Pendant les semaines suivantes, Laurette eut tout le temps de voir pousser les
légumes dans le jardin des voisins parce qu'elle ne sortit pratiquement pas de
chez elle. Certains soirs, elle aurait bien aimé que Gérard l'amène au parc
Lafontaine avec les enfants. Il aurait aussi pu lui proposer de faire garder
Denise et Jean-Louis par sa mère pour qu'ils puissent aller voir au moins une
fois La Bolduc au Monument-National. Rien à faire.
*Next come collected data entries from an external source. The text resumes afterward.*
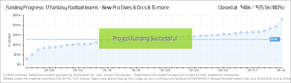 Thank you backers ... we've unlocked the full Dark Elf team with their own set of full 5 Elven Star Players. Shown below (thanks to monsoda.com for the image). Now I had a special new figure announcement ready for $31,000 .... but it is not... (Read More)
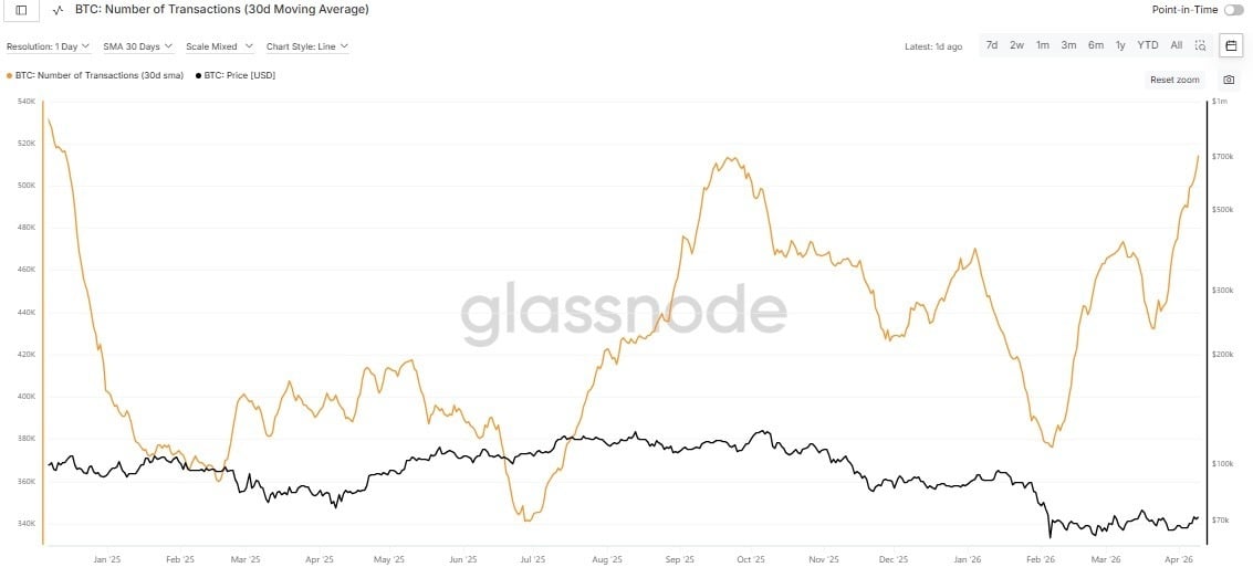 The number of Bitcoin transactions (30D MA), which shows the total number of confirmed on-chain transactions per day, has surged to 514,758 at press time. As such, the number of transactions (30D MA) for $BTC retested the same level it was in mid December 2024, according to metrics from Glassnode.
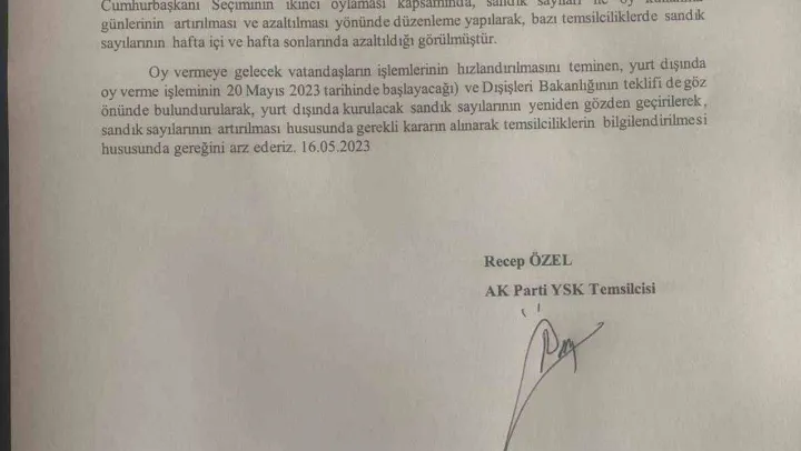Oy vermeye gelecek vatandaşların işlemlerinin hızlandırılmasını teminen, yurt dışında oy verme işleminin 20 Mayıs 2023 tarihinde başlayacağı ve Dışişleri Bakanlığının teklifi de göz önünde bulundurularak, yurtdışında kurulacak sandık sayılarının yeniden gözden geçirilerek, sandık sayılarının arttırılması hususunda gerekli kararın alınarak temsilciliklerin bilgilendirilmesi hususunda gereğini arz ederiz.'
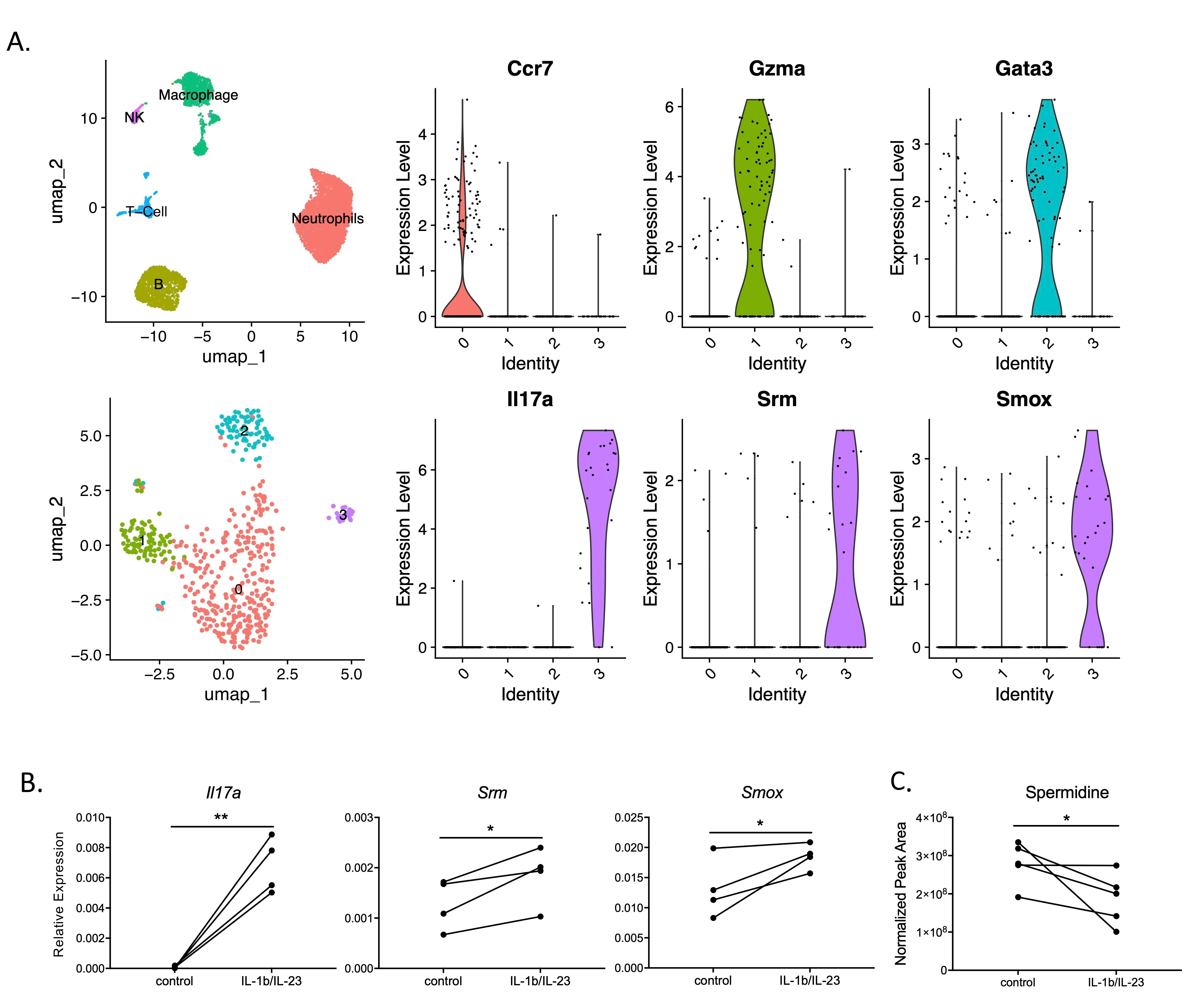 . Polyamine metabolism is involved in IL-17 production. (<strong>A</strong>) Thioglycollate-induced mouse peritoneal lavage cells were collected and stimulated with IL-1b/IL-23, and scRNA data confirmed IL-17-producing cells had high <em>Srm</em> and <em>Smox</em> expression. (<strong>B</strong>,<strong>C</strong>) Spleen T cells were stimulated with mouse IL-1b+IL-23 overnight, (<strong>B</strong>) <em>Il17a</em>, <em>Srm</em> and <em>Smox</em> were highly induced, gene expression relative to <em>Gapdh </em>(graphs displayed in panel B are representative ones from four repeated experiments, N = 2–4 in each experiment); (<strong>C</strong>) Polyamine in the cytoplasm of T cells were measured by HPLC system. <sup>∗</sup><em>p</em> < 0.05, <sup>∗∗</sup> <em>p</em> < 0.01 by paired Student <em>t</em>-test.
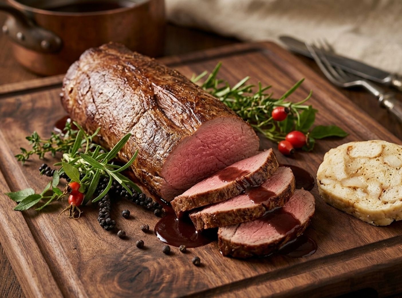 Rosa gebraten mit selbstgemachter Rotweinsauce und Böhmischen Serviettenknödeln – ein Klassiker. Oder als Küchen-Showstopper: Rehrücken im Strudelteig mit Waldpilzen. Auch modern mit Risotto und gebratenen Birnenwürfeln ist das Rehfleisch eine überzeugende Hauptrolle.
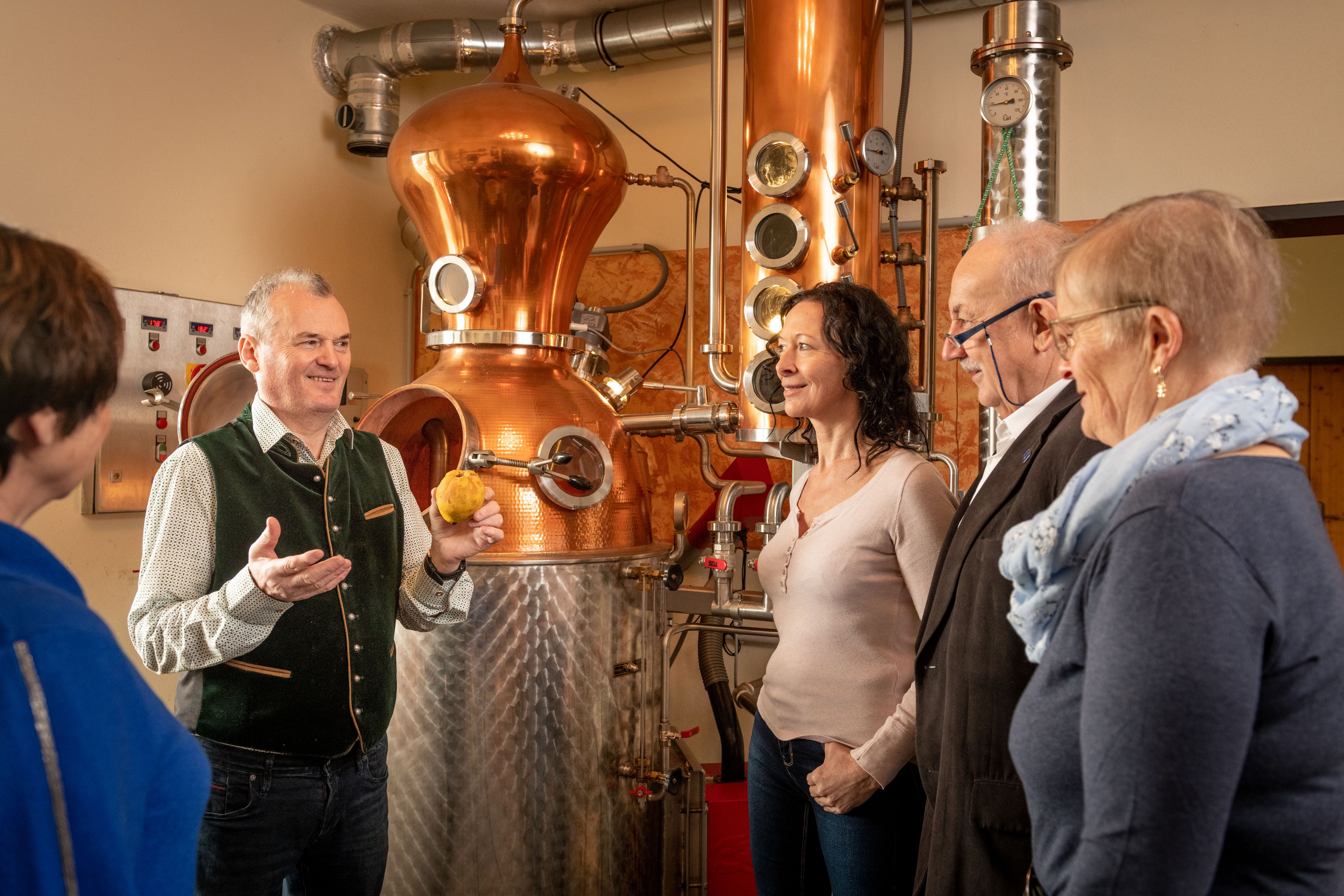 The tour continues to the distillery. Here you can marvel at the distillation facilities up close, as well as the storage and production rooms. In the tasting room, 3 samples of fine brandy are then tasted. During this entertaining tour, you will gain an insight into the different types of fruit in the region, the harvesting and processing of the schnapps, as well as a professional tasting of schnapps.
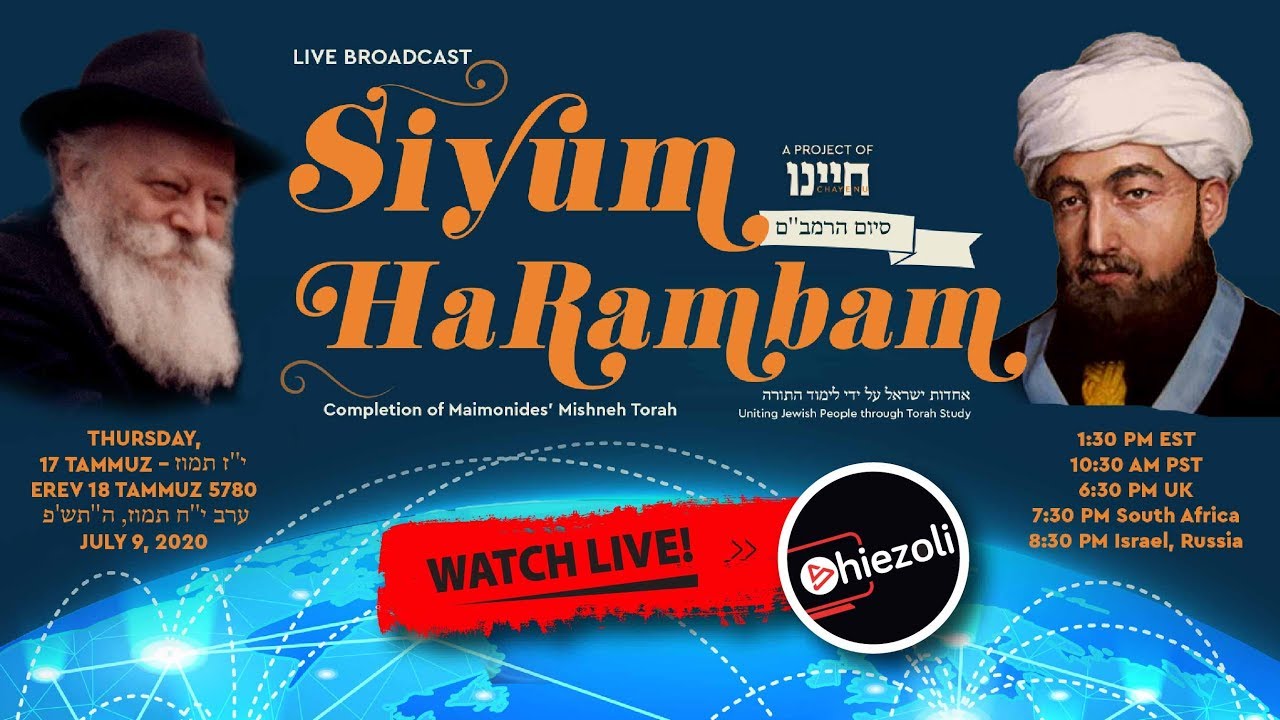 Join Jews all around the world, in celebrating the Completion of Rambam's (Maimonides') Mishneh Torah. This live event on 17 Tammuz, 5780 (July 9, 2020) will bring together thousands of Jews who study Rambam Yomi, the daily Rambam in one of three tracks: 3 chapters per day, 1 chapter per day, Sefer Hamitzvos. The Broadcast will include a Live Siyum at the Lubavticher Rebbe's Ohel in New York, the Rambam's Tomb in Tiberias, Israel and Johannesburg, South Africa. Additionally: ~ An interview with the translator of Mishneh Torah into English, Rabbi Eli Touger ~ An Up-Close view of a Manuscript of Maimonides ~ Hear from Lay Leaders and Businessmen around the world on how Daily Rambam Study has affected their personal life. More info on https://www.siyum.live/ Organized by Chayenu, A weekly Torah publication https://chayenu.org/ Produced by A Team Productions Dovid Weinbaum Filming & Broadcasting Yankee Teitelbaum & Bracha Torenheim of Flowmotion Studio’s #SiyumHaRambam

Depuis que le premier
ministre Godbout avait déclenché la campagne électorale, Gérard n'était
intéressé que par les prochaines élections. Dès qu'il mettait les pieds à la
maison, il suivait les débats radiophoniques et lisait tout ce qui se
rapportait à la campagne.
     
    — La maudite
politique ! explosait de temps à autre sa femme, excédée. Est-ce qu'il y a
quelque chose de plus plate que ça ?
     
    — C'est parce que
tu y connais rien, se contentait de rétorquer Gérard, assis près de la radio en
lui faisant signe de se taire.
     
    Le 26 août, à la
fin d'une journée torride, le jeune père de famille prit place, comme
d'habitude, près de la radio au moment même où la célèbre voix d'Albert
Duquesne quittait les ondes pour être remplacée par celle de Roger
     
    Baulu. Même si on
n'en était qu'aux premières heures de la soirée, l'annonceur était déjà prêt à
donner les premiers résultats du scrutin. Une heure plus tard, il était bien
évident que l'Union nationale était en voie de remporter sa première victoire.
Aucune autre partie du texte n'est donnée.